▶ Available data:
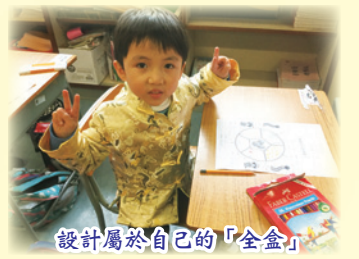
設計屬於自己的「全盒」
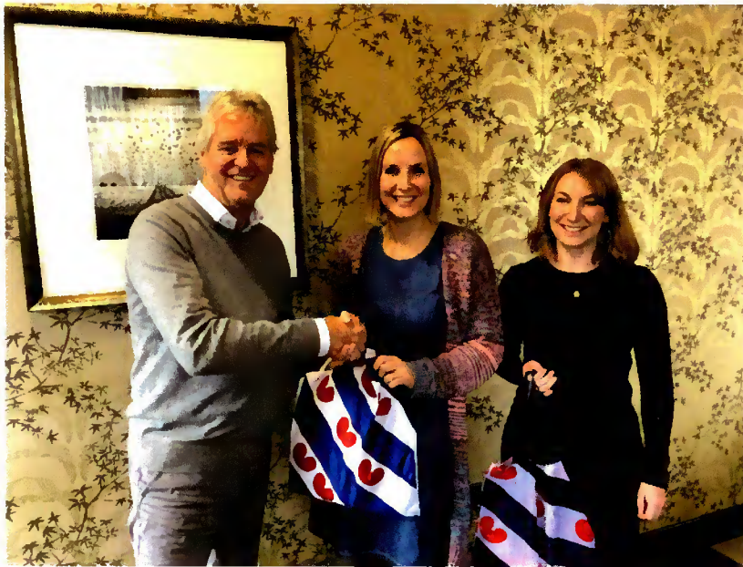
DINGtiid op bezoek in Wales

Leden van bestuur en/of staf hebben hiernaast nog overleggen gevoerd met of vergaderingen bijgewoond van onder andere Mei-inoar foar it Frysk, it Steatekomitee Frysk, Gemeenten&Frysk, de Politike Kommissje (POK) van de Ried fan de Fryske Beweging, Rijksuniversiteit Groningen, Fryske Akademy, Afûk, Tresoar, Europeesk Buro foar Lytse talen, Koninklijke Nederlandse Akademie van Wetenschappen, Rechtbank Noord-Nederland en Gerechtshof Arnhem-Leeuwarden, Gemeente Leeuwarden, Gemeente Waadhoeke, FNP, Vereniging Friese Gemeenten, Stichting Brede Maatskiplike Diskusje, Nationale Dorpentop, Planbureau Fryslân, Joodse School in Amsterdam, Sintrum Frysktalige Berne-opfang, Wy binne mbû, Fierder mei Frysk en Streektaalconferentie Stichting Nederlandse Dialecten.
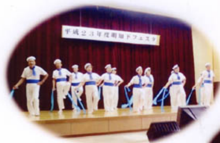
踊り：夢クラブ 曲名：港町13番地

▶ About this task: Everything in the data except the pictures needs to be written out exactly.

▶ Solution for this task:
設計屬於自己的「全盒」
DINGtiid op bezoek in Wales

Leden van bestuur en/of staf hebben hiernaast nog overleggen gevoerd met of vergaderingen bijgewoond van onder andere Mei-inoar foar it Frysk, it Steatekomitee Frysk, Gemeenten&Frysk, de Politike Kommissje (POK) van de Ried fan de Fryske Beweging, Rijksuniversiteit Groningen, Fryske Akademy, Afûk, Tresoar, Europeesk Buro foar Lytse talen, Koninklijke Nederlandse Akademie van Wetenschappen, Rechtbank Noord-Nederland en Gerechtshof Arnhem-Leeuwarden, Gemeente Leeuwarden, Gemeente Waadhoeke, FNP, Vereniging Friese Gemeenten, Stichting Brede Maatskiplike Diskusje, Nationale Dorpentop, Planbureau Fryslân, Joodse School in Amsterdam, Sintrum Frysktalige Berne-opfang, Wy binne mbû, Fierder mei Frysk en Streektaalconferentie Stichting Nederlandse Dialecten.
踊り：夢クラブ 曲名：港町13番地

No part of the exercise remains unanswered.